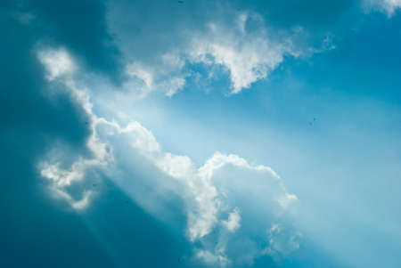 Sun rays breaking through cumulus clouds. The concept of divine light, a glimmer of hope or overcoming difficulties. Spiritual religious abstract background.
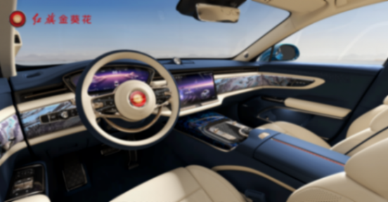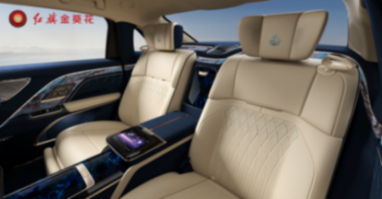 內飾采用呼應外觀的米白色+藍色雙拼色設計,中控臺面以及門板處加入特殊的彩繪圖案,以此來彰顯高級感,前擋風下方配備了懸浮時鐘,再加上帶有金葵花標識的雙色方向盤、扶手箱區域的中軸線,再度強化了尊貴感。四座版本的中央扶手貫穿前后排,提供兩塊后排娛樂屏以及扶手箱觸控屏。
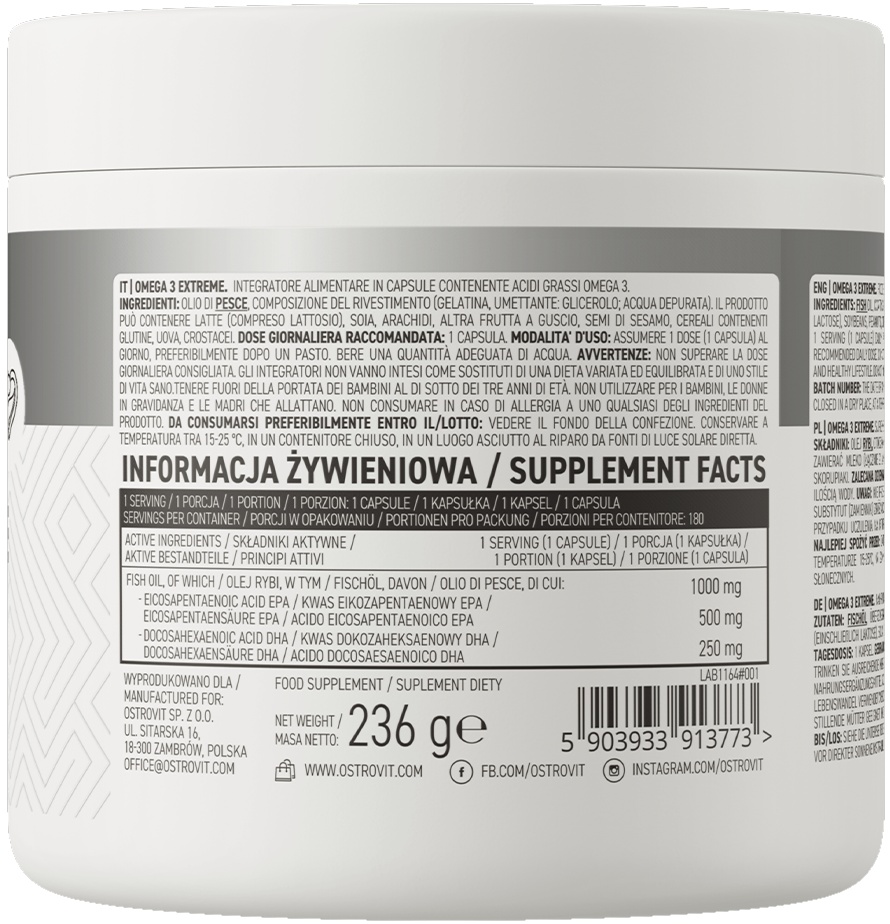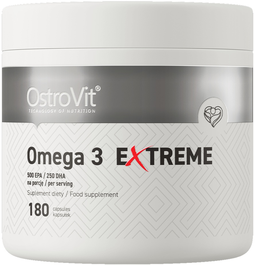 OstroVit Omega-3 Extreme, 180 capsule – supliment alimentar care furnizează organismului până la 1000 mg de ulei de pește per porție. Produsul este o sursă de acizi grași polinesaturați valoroși: acid eicosapentaenoic (EPA) și acid docosahexaenoic (DHA). Disponibil sub formă de capsule moi, ușor de înghițit, o cutie ajunge pentru până la 3 luni de administrare regulată.
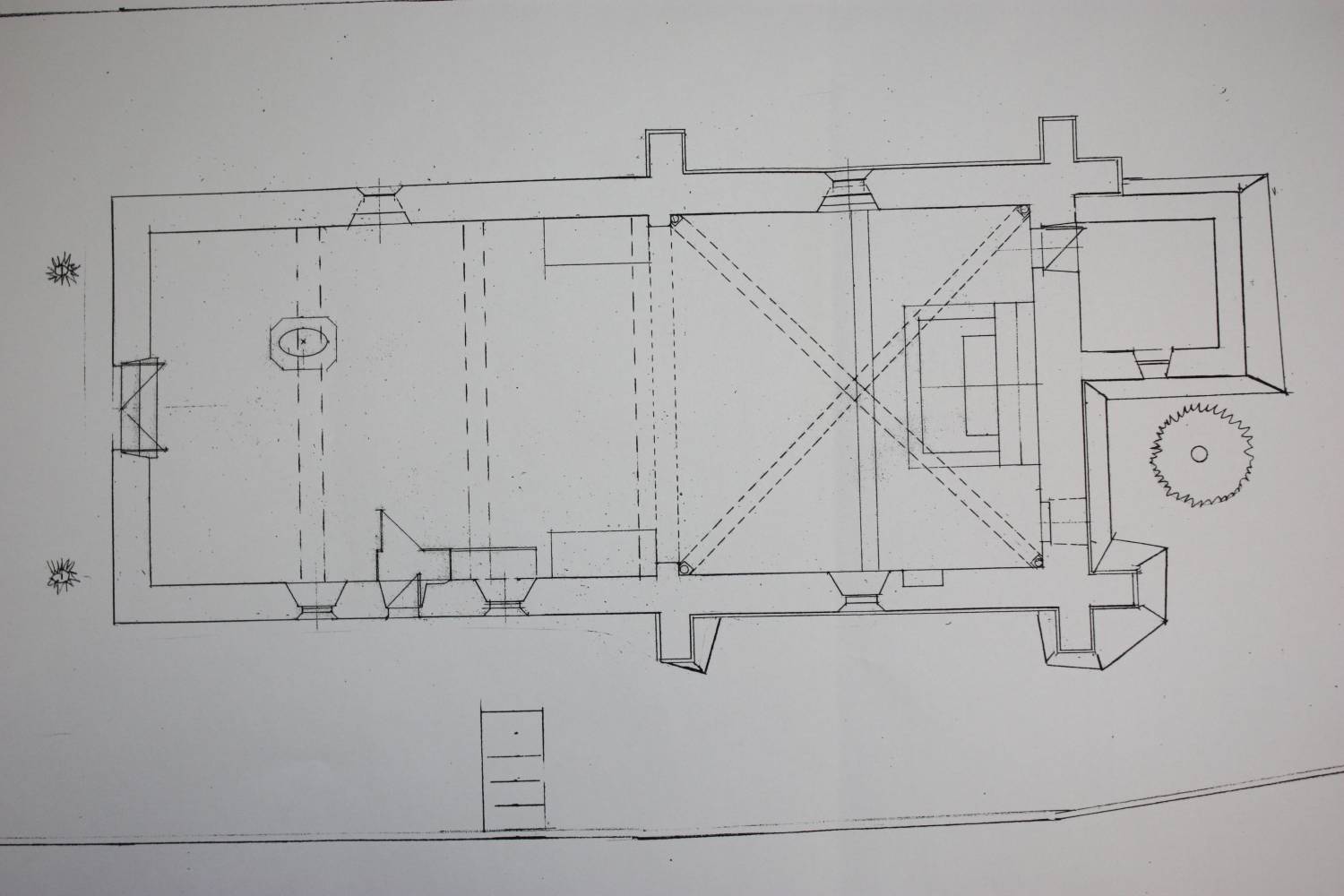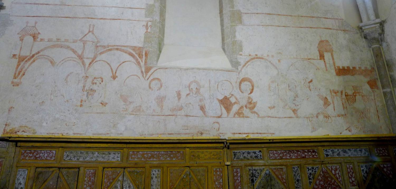 Des croix de consécration, inscrites dans des cercles tracés au compas et régulièrement espacées, ont d’abord été posées sur l’enduit primitif. Exécutées, comme le reste, à la détrempe sur un badigeon de chaux écru, elles ont été, peu après, intégrées à un décor qui n’occupe, respectivement, que la moitié ou le tiers inférieur des murs nord et sud. Assez bien conservé, le sujet représenté dans le registre supérieur de la peinture du mur nord est parfaitement identifiable. Il s’agit de la Cène, le dernier repas du Christ, épisode qui condense deux moments capitaux de la Passion : l’annonce de la trahison de Judas et l’institution du sacrement de l’Eucharistie. Dans le droit fil des peintures murales romanes où ce sujet est fréquemment repris, la scène est traitée de manière frontale et les effets de perspective sont quasi inexistants. Les convives sont rassemblés sur l’un des côtés d’une table garnie de mets, de plats et de pichets, sous des arcades voûtées d’ogives et une enceinte crénelée, hérissée de tours. De grands paniers à deux anses, sans doute chargés de pains, s’observent, en contrebas, à une extrémité, devant ce qui s’apparente à une porte d’enceinte. Reconnaissable au nimbe crucifère entourant son visage, le Christ, au centre, est représenté de face. Les apôtres auréolés qui l’entourent sont répartis en groupes. Ils semblent tout à la fuis incliner la tête pour exprimer leur affliction et s’interroger mutuellement sur l’identité du traître annoncé par Jésus. Deux d’entre eux, à l’extrême droite du spectateur, renversent leurs gobelets remplis de vin à l’écoute de cette annonce, comme pour marquer leur surprise. Un autre, placé à la gauche du Christ, appuie sa tête sur son épaule. Il doit s’agir de saint Jean. A cette exception près, l’identification précise des apôtres, dont celle de Judas, demeure problématique.
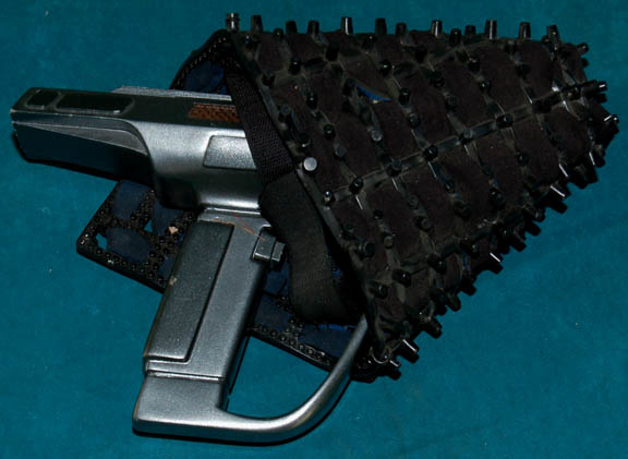 A prop molded rubber alien energy weapon featured variously in Star Trek episodic television. The weapon is blocky in its shaping with a long cylindrical stock and a rectangular receiver. The emitter muzzle features an affixed bayonete painted metallic silver, made from rubber with a metal inner frame. The whole … |

EXERCISE: Without the pictures, please output every record exactly.

SOLUTION TO THE EXERCISE:
 Sun rays breaking through cumulus clouds. The concept of divine light, a glimmer of hope or overcoming difficulties. Spiritual religious abstract background.
 內飾采用呼應外觀的米白色+藍色雙拼色設計,中控臺面以及門板處加入特殊的彩繪圖案,以此來彰顯高級感,前擋風下方配備了懸浮時鐘,再加上帶有金葵花標識的雙色方向盤、扶手箱區域的中軸線,再度強化了尊貴感。四座版本的中央扶手貫穿前后排,提供兩塊后排娛樂屏以及扶手箱觸控屏。
 OstroVit Omega-3 Extreme, 180 capsule – supliment alimentar care furnizează organismului până la 1000 mg de ulei de pește per porție. Produsul este o sursă de acizi grași polinesaturați valoroși: acid eicosapentaenoic (EPA) și acid docosahexaenoic (DHA). Disponibil sub formă de capsule moi, ușor de înghițit, o cutie ajunge pentru până la 3 luni de administrare regulată.
 Des croix de consécration, inscrites dans des cercles tracés au compas et régulièrement espacées, ont d’abord été posées sur l’enduit primitif. Exécutées, comme le reste, à la détrempe sur un badigeon de chaux écru, elles ont été, peu après, intégrées à un décor qui n’occupe, respectivement, que la moitié ou le tiers inférieur des murs nord et sud. Assez bien conservé, le sujet représenté dans le registre supérieur de la peinture du mur nord est parfaitement identifiable. Il s’agit de la Cène, le dernier repas du Christ, épisode qui condense deux moments capitaux de la Passion : l’annonce de la trahison de Judas et l’institution du sacrement de l’Eucharistie. Dans le droit fil des peintures murales romanes où ce sujet est fréquemment repris, la scène est traitée de manière frontale et les effets de perspective sont quasi inexistants. Les convives sont rassemblés sur l’un des côtés d’une table garnie de mets, de plats et de pichets, sous des arcades voûtées d’ogives et une enceinte crénelée, hérissée de tours. De grands paniers à deux anses, sans doute chargés de pains, s’observent, en contrebas, à une extrémité, devant ce qui s’apparente à une porte d’enceinte. Reconnaissable au nimbe crucifère entourant son visage, le Christ, au centre, est représenté de face. Les apôtres auréolés qui l’entourent sont répartis en groupes. Ils semblent tout à la fuis incliner la tête pour exprimer leur affliction et s’interroger mutuellement sur l’identité du traître annoncé par Jésus. Deux d’entre eux, à l’extrême droite du spectateur, renversent leurs gobelets remplis de vin à l’écoute de cette annonce, comme pour marquer leur surprise. Un autre, placé à la gauche du Christ, appuie sa tête sur son épaule. Il doit s’agir de saint Jean. A cette exception près, l’identification précise des apôtres, dont celle de Judas, demeure problématique.
 A prop molded rubber alien energy weapon featured variously in Star Trek episodic television. The weapon is blocky in its shaping with a long cylindrical stock and a rectangular receiver. The emitter muzzle features an affixed bayonete painted metallic silver, made from rubber with a metal inner frame. The whole … |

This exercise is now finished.